If such a scenario materialises, shipping routes through the Suez Canal could gradually normalise, reducing freight premia and improving product flow efficiency. At the same time, a partial thaw in regional hostilities might allow Iranian crude and natural-gas exports to increase. Combined with aggressive production increases from eight OPEC+ this year, the supply side looks heavier into 2026.
This points to a period of softer prices before balances tighten again toward 2027. The logic is straightforward: as non-OPEC+ output growth decelerates and demand—particularly from aviation and petrochemicals—remains solid, inventories will begin to draw. But between now and then, markets must digest a potential peace-dividend overshoot. Brent trades near USD 64, while WTI holds above USD 60, both reflecting a market caught between geopolitical hope and structural caution.

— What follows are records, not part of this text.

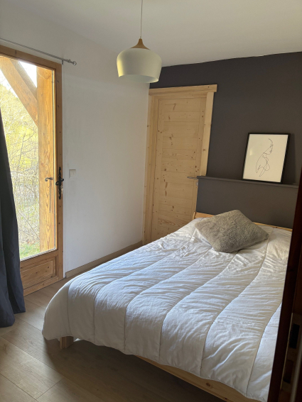 •A l’étage : mezzanine avec coin TV, 1 grande chambre (lit 160x200) avec balcon, salle de bain privative (baignoire et WC)
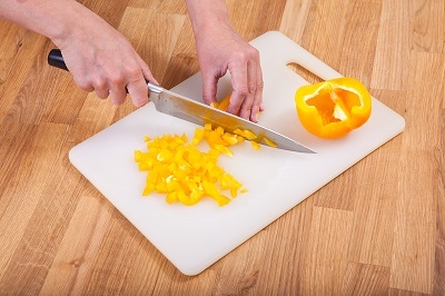 2. Лук очистить и мелко нарезать. Стручок перца вымыть, обсушить, разрезать пополам, вырезать плодоножку с семенами, мякоть нарезать кубиками.
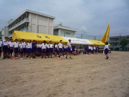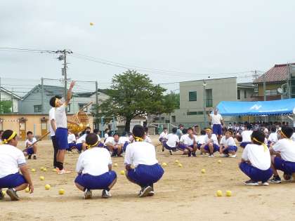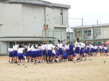 1学年種目「玉入れ」の様子です。上級生も団席から、大きな声援を送っています。
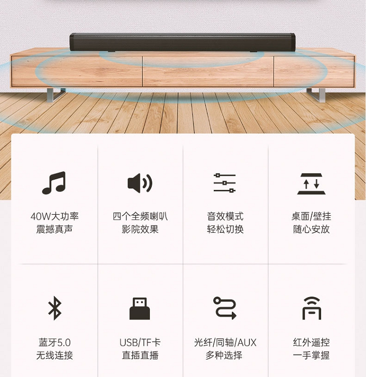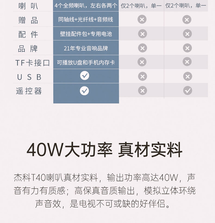 办公设备  > 会议/演示设备  > 音视频设备  >  杰科  >  杰科 T40 一体式电视音响 黑色(单位:台)

Copper – tightening reality
If precious metals tell the story of monetary debasement, copper reflects the industrial side of scarcity. The market’s structure has shifted notably in the last month, with the London Metal Exchange forward curve moving from contango into backwardation—a signal of tightening near-term availability. During the week prices climbed to just shy of USD 11,000 per tonne, only a whisker below the May 2024 record high at USD 11,100, before easing back as Chinese traders returned to work following their Golden Week holiday.
This rally is grounded in fundamentals. The International Copper Study Group (ICSG) now projects the global refined copper market to swing from a surplus this year into a 150,000-ton deficit in 2026—a stark reversal from its April forecast of a 209,000-ton surplus. The revision stems from a series of mine disruptions, including at Indonesia’s Grasberg and the Democratic Republic of Congo’s Kamoa operations, which have curbed concentrate supply. Copper concentrate—the feedstock for smelters—has become increasingly scarce, driving treatment and refining charges lower and squeezing margins across the supply chain.
On the demand side, the ICSG expects global usage growth to slow to 2.1% in 2026, largely due to weaker appetite from China, which still accounts for about 58% of global refined copper consumption. Even so, the balance between sluggish demand growth and falling supply still points to tightening inventories.
Looking ahead
The central narrative now turns on whether debasement remains a self-reinforcing loop. If central banks are pressured to cut rates faster than inflation justifies, and fiscal authorities continue to run large deficits, the real yield anchor will stay low. That environment continues to reward tangible stores of value and penalise nominal ones.
For commodities, this means several things:
- Gold and silver should remain structurally supported even after short-term corrections. Any pullback toward USD 3,850–3,900 in gold would likely find strong buying interest.
- Energy may stay capped until evidence of supply discipline returns or global demand surprises to the upside.
- Copper and industrial metals could enter a more sustained upcycle once the deficit narrative is fully internalised and Chinese demand stabilises.
The risk, as always, lies in over-extrapolation. Monetary debasement does not automatically mean runaway inflation or endless rallies. But as long as investors question the credibility of fiat guardianship, the case for owning real assets remains compelling.